A typical crowd at Foreman, recalled Brown, was a meager gathering.

"If we had two cheerleaders, we were lucky," he said. "And they were volunteers. The band might have been two guys making some noise. It didn't matter to us. We played as hard as we could with 250 people watching."

With America plunged into the Great Depression, it was not a fancy time. The football players lived at home with their parents. They rode the streetcar to what little campus there was. A two-year institution, the Division was "like high school extended," Brown said.

Does it even need to be said that there were no athletic scholarships or money for recruiting? For legendary coach Tommy Scott, recruiting amounted to selecting players as they showed up.

The attitude was: "Anybody who wanted to play football, come on out, we'd love to have you," Brown said. During an era that crushed a lot of dreams, they were grateful for an opportunity to play a little organized football. Then, in short order, most of them went off to fight in World War II.

For those who survived combat and the years since - the nonagenarians and those about to turn 90 - football at the Division represents a lush oasis amid memories of indigence and war.

"We went to school because we didn't want to compete with our own dads for what few jobs there were," Brown said. "Then, after leaving school, we changed from the leather helmet to the steel helmet, and instead of yard lines, we were crossing the Maginot line and the Siegfried line."

Over the years, vestiges of the football program were forgotten.

 

Joe Brichter was the quarterback for the 1939 team. He's 90 now and walks with a cane. He met a visitor the other day dressed in his old wool Norfolk Division basketball warm-up suit - nearly every athlete in those days played more than one sport.

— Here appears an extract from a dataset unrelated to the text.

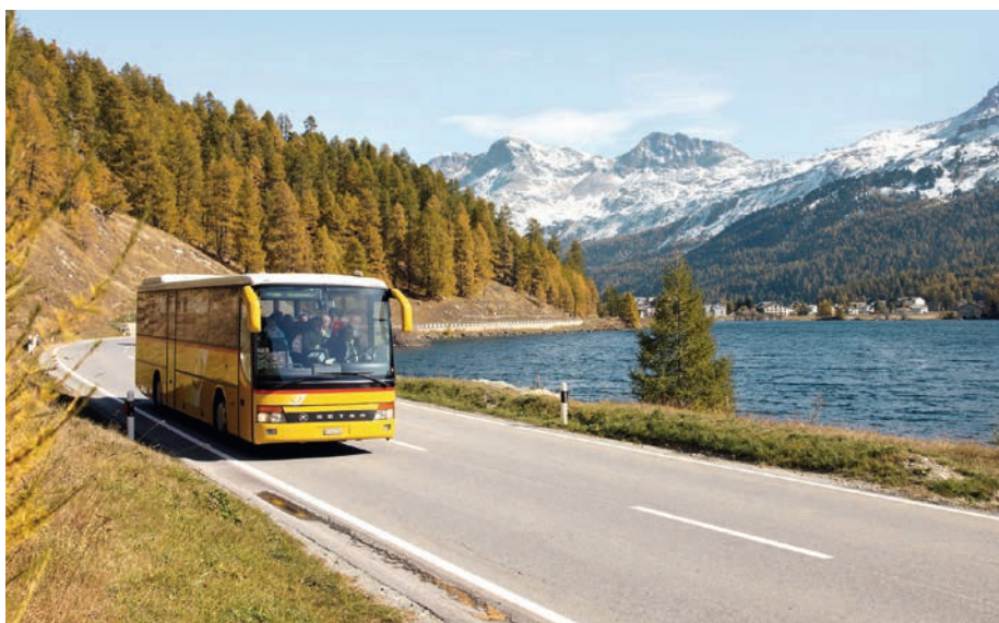
Palm Express am Silsensee, Oberengadin, Graubünden

"Three score and 10 years ago," he announced from the front porch of his Virginia Beach home.

Sure enough, it has been 70 years since he played. Still, he is the loquacious sort. His teammate Brown recalled that it used to take Brichter so long to call a play in the huddle that the team would be penalized for delay of game.

"You're going to hear a lot of stories," Brichter said. "We had 16 or 18 players, if that many. The rest of them were fodder. That's my opinion."

"This," he added with a big laugh, "is coming from an old man who was half-assed himself."

Anticipating today's scrimmage, Brichter said he wants coach Wilder to give him a football during the pregame or halftime festivities.

"I want to raise that football to the crowd and throw the ball to some kid," he said, "show them I can still throw it 20 yards."

Does he really think it will happen that way?

"All I've got," he said, smiling, "are my dreams."

When he wasn't dreaming aloud, Brichter's zigzagging recollections often came back to Brown.

"What a guy," he said of his former teammate. "He's a real Hall of Famer."

One of the most talented, versatile athletes Norfolk has ever produced, Brown didn't play football at Maury High School. He was a star in baseball and track, winning honors as a sprinter and hurdler, though his specialty was the pole vault.

After adding football to his resume at the Division, he was called "Norfolk's Jim Thorpe" for his all-around athleticism. He would excel for an armed forces football team just before America entered the war and later for the semi-pro Norfolk Shamrocks.

In yellowed newsprint from The Virginian-Pilot, Brown is described as "slippery-hipped," and as a "willow the wisp" and "speed merchant." In 1939, playing in Greenville, N.C., against East Carolina Teachers College, he returned a punt 85 yards for a touchdown.

The Division played other junior colleges, freshmen teams from larger colleges and sometimes even high school teams.

The policies governing academic eligibility were looser in the early years of the sport.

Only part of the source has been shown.